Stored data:
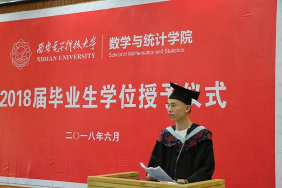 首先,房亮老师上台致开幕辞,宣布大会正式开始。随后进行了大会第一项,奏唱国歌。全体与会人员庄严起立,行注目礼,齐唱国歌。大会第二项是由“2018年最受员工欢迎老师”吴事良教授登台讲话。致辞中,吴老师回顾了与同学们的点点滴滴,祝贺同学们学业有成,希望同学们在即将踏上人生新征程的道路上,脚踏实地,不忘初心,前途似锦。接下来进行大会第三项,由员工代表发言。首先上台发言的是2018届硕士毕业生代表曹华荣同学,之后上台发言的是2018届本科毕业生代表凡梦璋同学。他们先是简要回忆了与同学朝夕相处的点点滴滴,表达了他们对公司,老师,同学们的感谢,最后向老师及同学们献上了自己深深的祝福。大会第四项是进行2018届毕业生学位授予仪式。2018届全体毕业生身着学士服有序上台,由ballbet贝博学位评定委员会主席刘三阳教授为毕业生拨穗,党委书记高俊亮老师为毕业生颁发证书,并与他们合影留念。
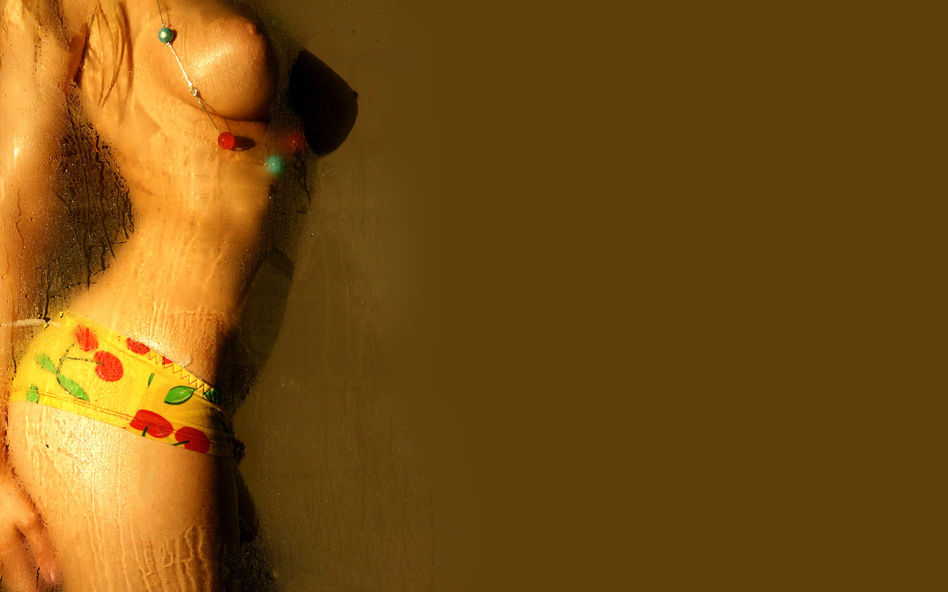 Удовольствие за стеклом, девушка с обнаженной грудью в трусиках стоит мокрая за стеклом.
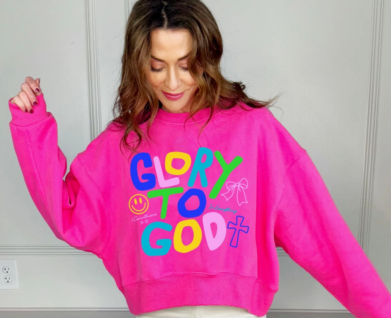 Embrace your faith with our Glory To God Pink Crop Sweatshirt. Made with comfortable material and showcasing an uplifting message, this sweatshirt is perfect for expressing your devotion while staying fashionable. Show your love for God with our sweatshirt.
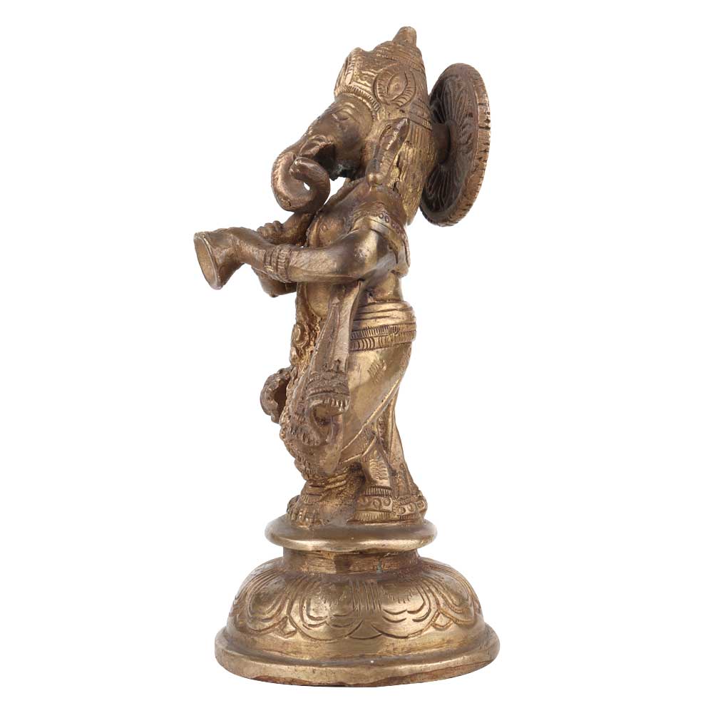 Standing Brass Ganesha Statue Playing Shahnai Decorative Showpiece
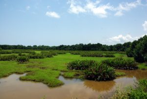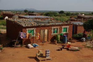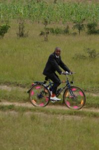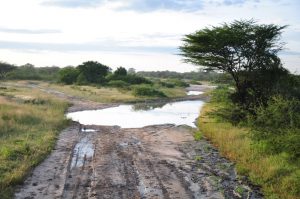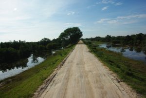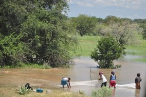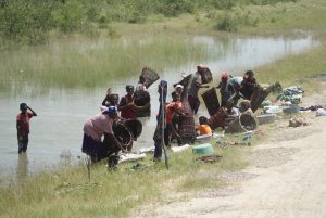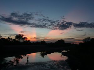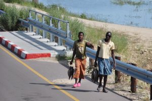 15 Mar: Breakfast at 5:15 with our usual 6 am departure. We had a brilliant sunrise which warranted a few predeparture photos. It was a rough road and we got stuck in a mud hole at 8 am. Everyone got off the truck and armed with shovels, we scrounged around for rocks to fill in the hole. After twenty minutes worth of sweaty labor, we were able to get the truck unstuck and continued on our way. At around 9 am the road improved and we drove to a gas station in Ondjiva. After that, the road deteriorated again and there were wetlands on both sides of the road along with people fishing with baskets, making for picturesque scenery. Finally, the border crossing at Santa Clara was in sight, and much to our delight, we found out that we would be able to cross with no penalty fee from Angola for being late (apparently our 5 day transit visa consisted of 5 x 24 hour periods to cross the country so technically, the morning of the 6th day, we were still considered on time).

(PROBLEM STATEMENT) Where an entry holds an image, drop the image and copy the remaining text exactly.

(EXPECTED ANSWER)
 首先,房亮老师上台致开幕辞,宣布大会正式开始。随后进行了大会第一项,奏唱国歌。全体与会人员庄严起立,行注目礼,齐唱国歌。大会第二项是由“2018年最受员工欢迎老师”吴事良教授登台讲话。致辞中,吴老师回顾了与同学们的点点滴滴,祝贺同学们学业有成,希望同学们在即将踏上人生新征程的道路上,脚踏实地,不忘初心,前途似锦。接下来进行大会第三项,由员工代表发言。首先上台发言的是2018届硕士毕业生代表曹华荣同学,之后上台发言的是2018届本科毕业生代表凡梦璋同学。他们先是简要回忆了与同学朝夕相处的点点滴滴,表达了他们对公司,老师,同学们的感谢,最后向老师及同学们献上了自己深深的祝福。大会第四项是进行2018届毕业生学位授予仪式。2018届全体毕业生身着学士服有序上台,由ballbet贝博学位评定委员会主席刘三阳教授为毕业生拨穗,党委书记高俊亮老师为毕业生颁发证书,并与他们合影留念。
 Удовольствие за стеклом, девушка с обнаженной грудью в трусиках стоит мокрая за стеклом.
 Embrace your faith with our Glory To God Pink Crop Sweatshirt. Made with comfortable material and showcasing an uplifting message, this sweatshirt is perfect for expressing your devotion while staying fashionable. Show your love for God with our sweatshirt.
 Standing Brass Ganesha Statue Playing Shahnai Decorative Showpiece
 15 Mar: Breakfast at 5:15 with our usual 6 am departure. We had a brilliant sunrise which warranted a few predeparture photos. It was a rough road and we got stuck in a mud hole at 8 am. Everyone got off the truck and armed with shovels, we scrounged around for rocks to fill in the hole. After twenty minutes worth of sweaty labor, we were able to get the truck unstuck and continued on our way. At around 9 am the road improved and we drove to a gas station in Ondjiva. After that, the road deteriorated again and there were wetlands on both sides of the road along with people fishing with baskets, making for picturesque scenery. Finally, the border crossing at Santa Clara was in sight, and much to our delight, we found out that we would be able to cross with no penalty fee from Angola for being late (apparently our 5 day transit visa consisted of 5 x 24 hour periods to cross the country so technically, the morning of the 6th day, we were still considered on time).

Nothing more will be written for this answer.